Как часто, как рано и в каком благоприятном контексте мелькают у Пушкина слова «метафизика» и «философия» (что для него неразрывно)! Пушкин начинает агитировать за них в письме к Вяземскому от 1 сентября 1822 года: «Предприми постоянный труд, образуй наш метафизический язык, зарожденный в твоих письмах, – а там Бог даст»; то же в письме к нему же от 13 июля 1825 года; в наброске 1824 года <О французских историках и поэтах> он употребляет выражение «светильник философии»; в заметке 1830 года <О переводе романа Б. Констана «Адольф»> достижения перевода в области «метафизического языка, всегда стройного, светского, часто вдохновенного», он расценивает как «важное событие в жизни нашей литературы»; наконец, неоднократны похвалы перу Баратынского, соединившего «метафизику и поэзию»…
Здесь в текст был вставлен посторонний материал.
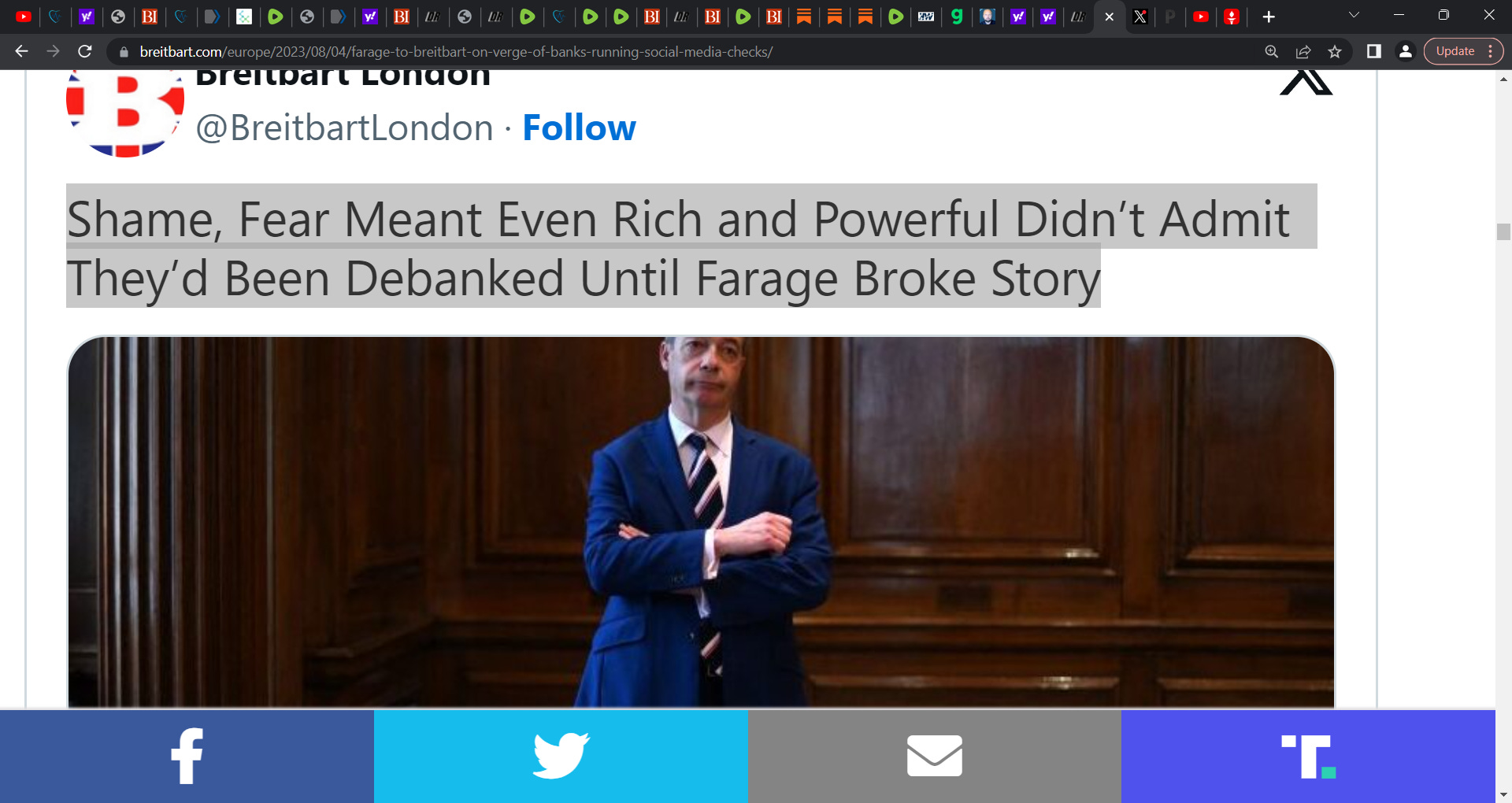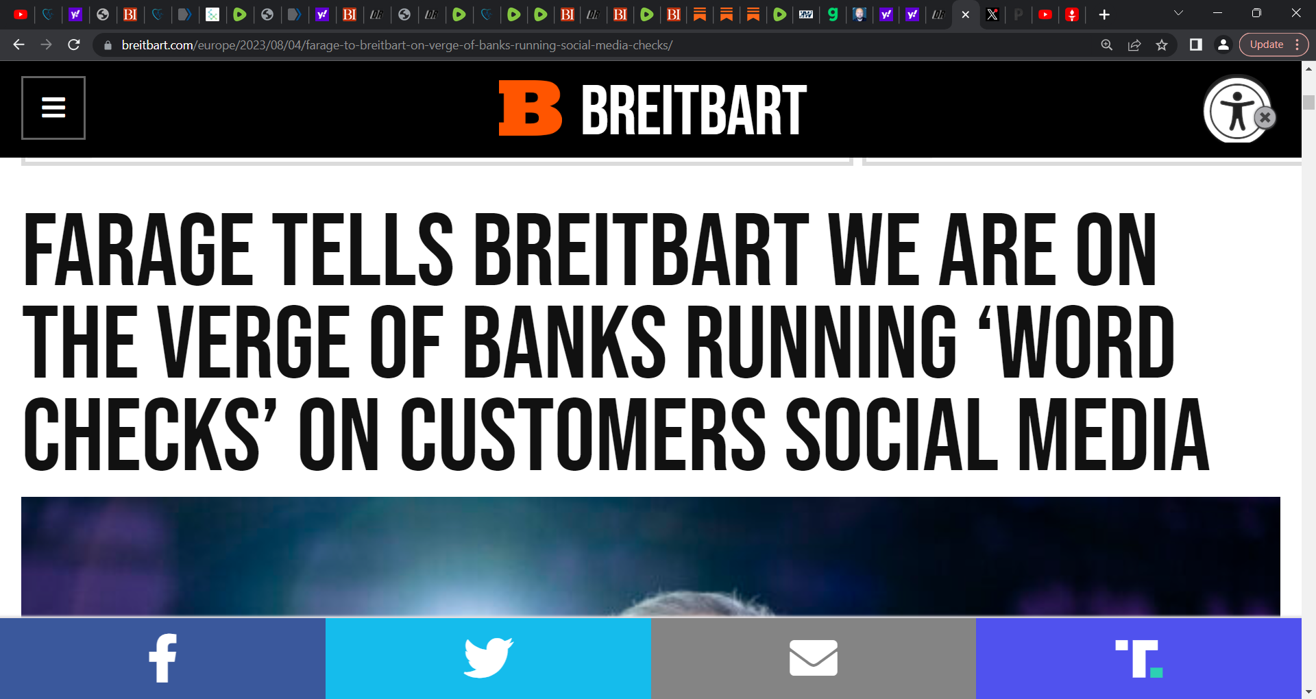 Shame, Fear Meant Even Rich and Powerful Didn’t Admit They’d Been Debanked Until Farage Broke Story; Farage Tells Breitbart we are on the Verge of Banks Running ‘Word Checks’ on Customers Social Media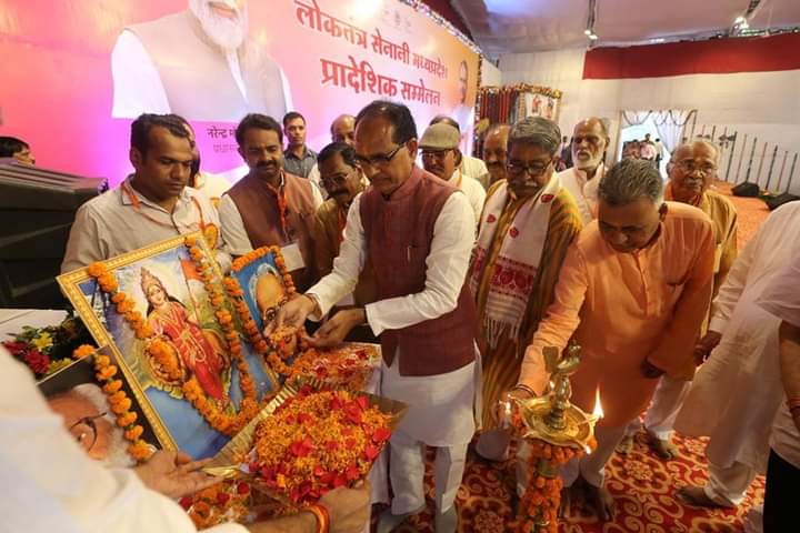 मध्य प्रदेश के मुख्यमंत्री शिवराज सिंह चौहान ने निवास परिसर में आयोजित प्रदेश के लोकतंत्र सेनानियों के सम्मेलन का दीप प्रज्वलित कर शुभारंभ किया।

У позднего Пушкина мы находим и прямой панегирик заслугам «философии немецкой»: «Влияние ее было благотворно: оно спасло нашу молодежь от холодного скептицизма французской философии и удалило ее от упоительных и вредных мечтаний, которые имели столь ужасное влияние на лучший цвет предшествовавшего поколения» («Мысли на дороге», 1833—1835). А вот и исчерпывающий ответ на письмо Дельвигу – в статье 1836 года «Мнение М.Е. Лобанова о духе словесности как иностранной, так и отечественной»:

«Умствования великих европейских мыслителей не были тщетны и для нас <…>. Германская философия, особенно в Москве, нашла молодых, пылких, добросовестных последователей, и хотя говорили они языком мало понятным для непосвященных, но тем не менее их влияние было плодотворно и час от часу становится более ощутительно». Вот каковы его подлинные мысли о немецком классическом идеализме и о его русских поклонниках из «Московского вестника», которым Пушкин прощал и заумность языка. Какие еще нужны свидетельства?! И уместно ли после этого повторять заученную фразу о «презрении» и «ненависти» Пушкина к немецкой метафизике?!
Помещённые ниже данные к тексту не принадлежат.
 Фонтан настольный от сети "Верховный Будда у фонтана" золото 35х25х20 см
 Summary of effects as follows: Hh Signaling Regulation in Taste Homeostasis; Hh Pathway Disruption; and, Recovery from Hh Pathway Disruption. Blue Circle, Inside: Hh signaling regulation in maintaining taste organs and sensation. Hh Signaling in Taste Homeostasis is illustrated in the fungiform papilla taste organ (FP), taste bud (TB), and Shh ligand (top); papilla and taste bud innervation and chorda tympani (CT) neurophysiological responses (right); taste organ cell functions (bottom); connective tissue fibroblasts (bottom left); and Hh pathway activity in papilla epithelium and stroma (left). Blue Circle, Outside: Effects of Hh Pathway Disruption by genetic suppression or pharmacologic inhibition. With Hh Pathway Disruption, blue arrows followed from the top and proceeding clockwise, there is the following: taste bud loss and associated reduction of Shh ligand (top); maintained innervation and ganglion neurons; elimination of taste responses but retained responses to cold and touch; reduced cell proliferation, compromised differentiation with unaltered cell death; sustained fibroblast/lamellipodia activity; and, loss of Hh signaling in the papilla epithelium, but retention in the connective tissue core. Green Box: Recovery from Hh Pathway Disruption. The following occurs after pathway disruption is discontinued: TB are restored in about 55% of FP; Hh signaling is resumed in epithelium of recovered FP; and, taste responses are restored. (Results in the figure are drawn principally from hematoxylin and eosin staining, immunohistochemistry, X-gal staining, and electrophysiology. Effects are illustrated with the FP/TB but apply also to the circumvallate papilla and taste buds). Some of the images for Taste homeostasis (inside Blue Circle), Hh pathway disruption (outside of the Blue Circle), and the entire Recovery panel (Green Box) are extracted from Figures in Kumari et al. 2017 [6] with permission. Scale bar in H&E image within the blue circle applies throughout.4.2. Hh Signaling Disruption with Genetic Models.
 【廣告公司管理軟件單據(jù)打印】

Однако у поэта можно найти свидетельства не только в пользу ее общественной нужности, но и – собственной в ней потребности, что также до сих пор в расчет не принималось.

Уже в 1821 году в стихотворении «Чаадаеву» поэт говорит о себе, что он «познал <…> жажду размышлений», что он учится «удерживать вниманье долгих дум», вспоминая проведенные с П.Я. Чаадаевым «младые вечера, пророческие споры… поспорим, перечтем, посудим…». А ведь Пушкин в данном случае оказывается собеседником одного из самых философских умов России! Все это мало похоже на чурающегося «теории», «предметно мыслящего»[4 - Франк С.Л. О задачах познания Пушкина // Пушкин в русской философской критике. М., 1990. С. 428; 2-е изд., дополненное и исправленное. СПб., 1999.] человека – как пишет С.Л. Франк.
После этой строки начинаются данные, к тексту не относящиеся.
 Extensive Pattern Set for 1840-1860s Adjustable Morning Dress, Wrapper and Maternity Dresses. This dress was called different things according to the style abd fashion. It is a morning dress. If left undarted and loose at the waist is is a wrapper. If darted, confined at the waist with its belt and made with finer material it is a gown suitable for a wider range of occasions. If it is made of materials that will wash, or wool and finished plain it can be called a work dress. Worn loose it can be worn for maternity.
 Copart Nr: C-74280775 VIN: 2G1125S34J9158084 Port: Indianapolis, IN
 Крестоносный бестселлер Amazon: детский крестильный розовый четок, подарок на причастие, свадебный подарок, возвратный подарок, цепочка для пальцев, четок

Автор «Евгения Онегина» мыслил также и себя участником захватывающих споров 2-й главы романа в стихах. Его легко представить третьим между Онегиным, героем с охлажденным, скептическим умом и поклонником Канта Ленским с «душою прямо геттингенской», кто «из Германии туманной привез учености плоды». Понятно, какого рода была эта «ученость» и вокруг каких «плодов» велась дискуссия. Ведь Германия – не без легкой иронии – названа «туманной» по причинам не физическим (по каким «туманным» именуют Лондон), а метафизическим. Ясно, что оба приятеля залетали «во области заочны» и дискутировали о предметах, относящихся к «последним», «проклятым» вопросам бытия, которыми занята была немецкая метафизика, что и подтверждается их, этих вопросов, беглой инвентаризацией в строфе XVI: «Плоды наук, добро и зло, и предрассудки вековые, и гроба тайны роковые, судьба и жизнь…» Трудно представить себе, что разговоры приятелей ведутся в стенах «духовной тюрьмы», каковой Позову представляется мир философии.

Но даже если бы мы не располагали приведенными выше аргументами, едва ли можно было бы вообразить, что Пушкин – закоренелый враг философствования. Потому что, во-первых, он человек нормальный, более того – образец человеческой нормы, человек «в полном смысле слова»; во-вторых, он гениально умный человек, «мыслитель-мудрец», не могущий друг игнорировать метафизические запросы человеческого ума и впадать в умоборчество. Надо помнить к тому же, что и к Богу он пришел во многом интеллектуальным путем.

Будучи умом не только глубоким, но и живым, Пушкин если и мог не любить чего-то в философии, то, как мы поняли, не ее саму, а ее «издержки» (т.е. грехи наши тяжкие, обременяющие каждое человеческое предприятие): претенциозное доктринерство, отлетную от бытия «схоластичность», нетрезвое философское прожектерство, ложную многозначительность жрецов любомудрия. Он – враг пустой абстрактности, но не обобщающей мысли. Он задается и вопросом «Что есть истина?» (который вынесен в эпиграф стихотворения «Герой»), но отвечает на него в духе притчи. Чего Пушкин не терпел, так это всякого рода подмен и смешений и, уж конечно, не выносил, когда на месте поэзии находил дидактические и педантские рацеи. Потому он недолюбливал рылеевские «думы» («целят, да все невпопад»), над которыми подтрунивал, ведя само название этих «песен» от немецкого слова «dumm» (глупый, тупой, дурацкий); он не питал симпатий к премудрому поэту Ф. Клоп-штоку и ему подобным, кто пишет «хладно и темно, что очень стыдно и грешно». Пушкина совсем не понимают, когда за чистую монету принимают его знаменитую провокативную максиму: поэзия должна быть глуповата. Мы имеем тут дело с иносказанием, выражающим протест против непозволительной замены поэтически воплощенной мысли мыслью голой, принудительно инъецируемой в наше сознание.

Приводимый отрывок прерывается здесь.